Читать «Остромов, или Ученик чародея» онлайн - страница 32

Дмитрий Львович Быков

Игорь слегка вздохнул: он устал слушать о зиме восьмого года.

— Я все думал, что от нас останется. И от нас вообще, и от всего этого, — продолжал Михаил Алексеевич. На нем была красная шелковая рубашка и черная жилетка. — И я понял, что от мира в конце концов останутся тараканы, и Господь будет любоваться тараканами, потому что они ему будут напоминать… Выживает всегда худшее, и вот они — последнее, что выжило. Пусть приходят шарлатаны. Двух Калиостро я уже знал, где два, там и три.

Прозвенел короткий звонок, длинный и еще два коротких — буква «Л» в телеграфной азбуке, счастливая любовная буква. Пришел Поленов и стал зудить.

Он рассказал, что Трубникова — знаете Трубникову? — после отъезда напечатала дневник, с купюрами, но по выделенным местам совершенно ясно, что речь шла о Лидочке; что Морбус имел на нее свои виды; что сошлись два стремления двух негодяев, и именно это запутало картину преступления; что поначалу он и сам дал себя увлечь на ложный путь, но теперь окончательно все выяснил, осталось уличить. Михаил Алексеевич слушал, не прерывая пасьянса.

— Константин Исаевич, — сказал он, пока Поленов переводил дух (останавливаться он не собирался, принялся бы рассказывать все по второму кругу), — вы растите в себе темные чувства. Поверьте мне, это не нужно. Ни вам не нужно, ни Лидочке.

Поленов открыл рот, но Михаил Алексеевич продолжал.

— Во всякой смерти, если поискать, отыщется чужая воля. Мы теперь так плохо живем, нам до того делать нечего, что каждый заполняет пустоту чем может.

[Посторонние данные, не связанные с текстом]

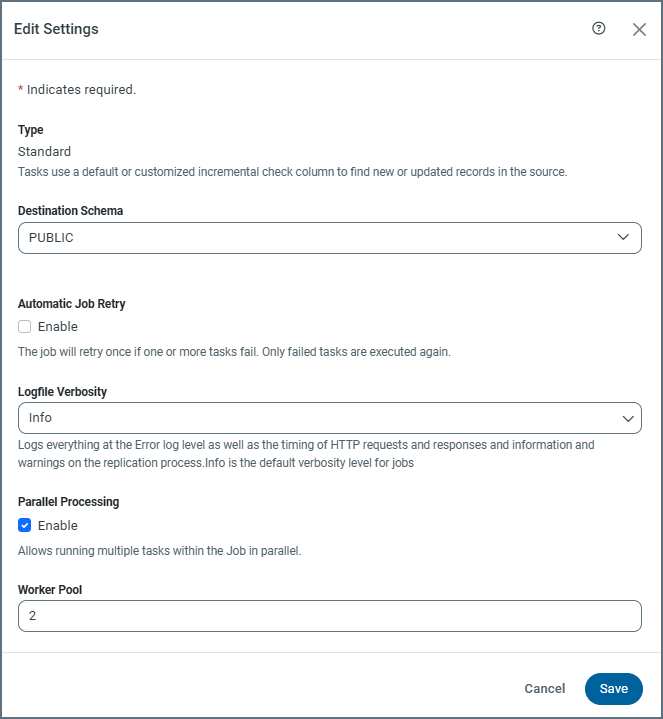 CData Sync ジョブが並列処理を使用するように設定できます。これは、アプリケーションが1つのジョブを処理するために複数のワーカースレッドを使用することを意味します。並列処理により、Sync はワークロードを複数のプロセスに分割し、複数のテーブルを同時に移動できるようにします。その結果、より少ない時間でより多くのデータが移動され、ジョブ効率が大幅に向上します。Sync では、ジョブ単位で必要な数のワーカーを割り当てることができます。

Я вас не учу, не наставляю. Но заполнить много чем можно. Вы ведь себя портите. Лучше, как Игорек, что-нибудь безвредное… Вот он печку давеча расписал. Он картинки сделал, я рассказы сочинил. Посмотреть хотите?

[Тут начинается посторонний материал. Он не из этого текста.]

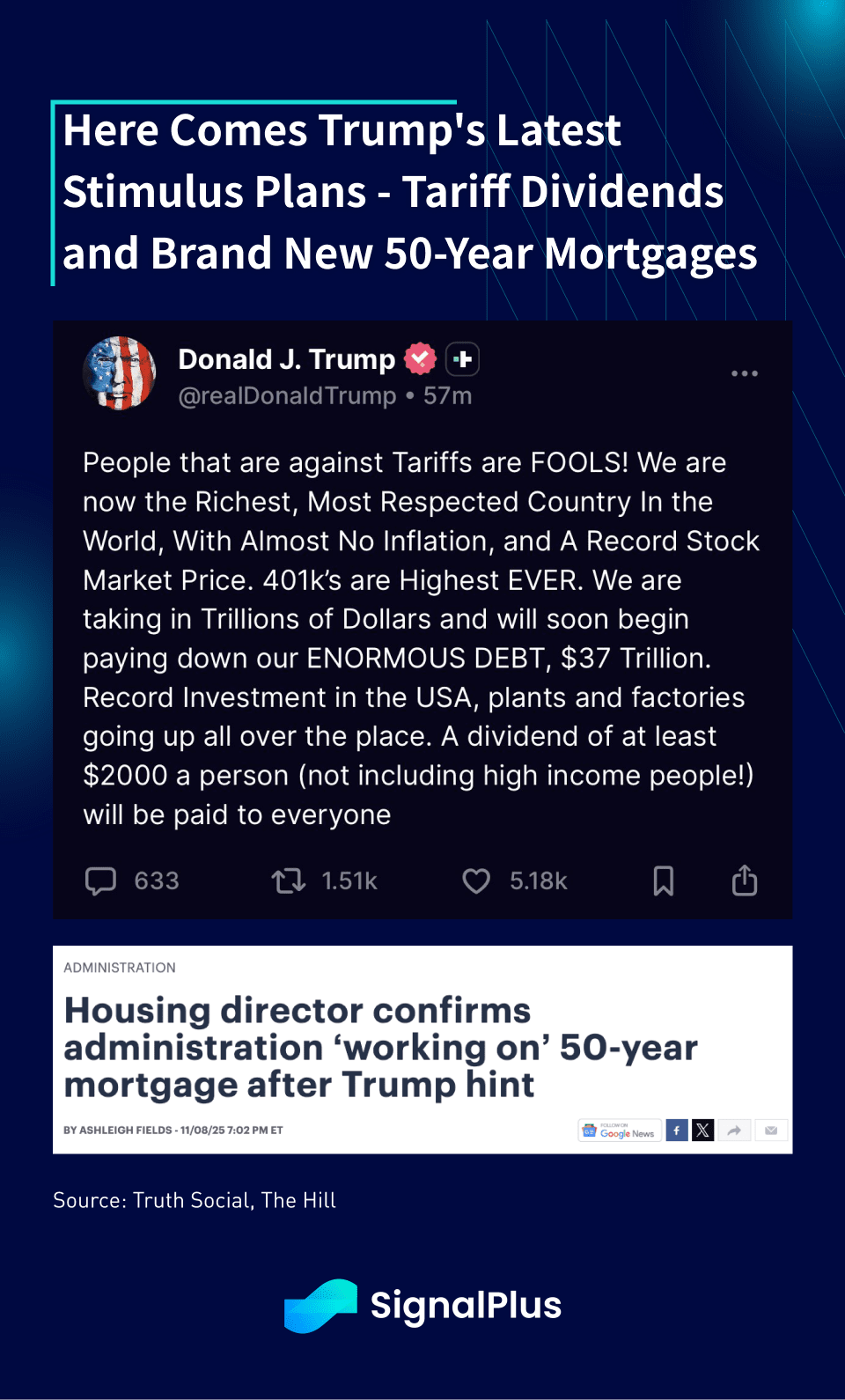 Os ‘dividendos tarifários’ são reminiscentes dos cheques de estímulo da covid que foram um estímulo de impressão de dinheiro direto e eficaz, enquanto as hipotecas de ultra-longa duração fornecerão alavancagem adicional ao sistema. Ambos devem ser vistos como novas formas de alívio de liquidez.

Поленов собирался разразиться отповедью, не пощадив на этот раз никого — ни Михаила Алексеевича с рассказами, ни Игорька с картинками и печкой, — но вновь прозвенела любовная трель, и Михаил Алексеич впустил Альтергейма, бледного поэта, писавшего непонятное. Поленов его за поэта не считал. Михаил Алексеич меж тем его жаловал и звал «Альтер», с нежною растяжкой на первой гласной. Поленов, как все мономаны, не мог допустить, чтобы непонятные ему стихи были милы и ясны другим, и оттого подозревал сначала, что Альтер содомит, почему его так и любят здесь; но у этого было другое, более страшное извращение. Можно понять того, кто любит не тех и не так, но невозможно смириться с человеком, которому это вообще не нужно.

— Я теперь все думаю, что болен, — сказал Альтер, — хотя я здоров.

Он говорил странные, отрывистые вещи, без подготовки, словно продолжал прерванную

беседу.

— Почему же? — с живейшим любопытством спросил Игорек.

— Я чувствую неправильность своего положения, — бледным ломким голосом продолжил Альтер, — и это наводит меня на мысль о неправильности телесной.

— Это мне понятно, — кивнул Михаил Алексеевич, нацеживая Альтеру чаю; тот между тем ставил на стол бутыль дешевого красного вина, купленного у армян на Сенном рынке. — Маркиз де Ферраль получил от прорицателя Десонье точное указание, что во Франции случится революция, и успел скрыться за границу. Смерти он избежал, но голова у него всю жизнь болела. Он назвал это фантомной болью. «Ее место в корзине, — говорил он, — она задержалась».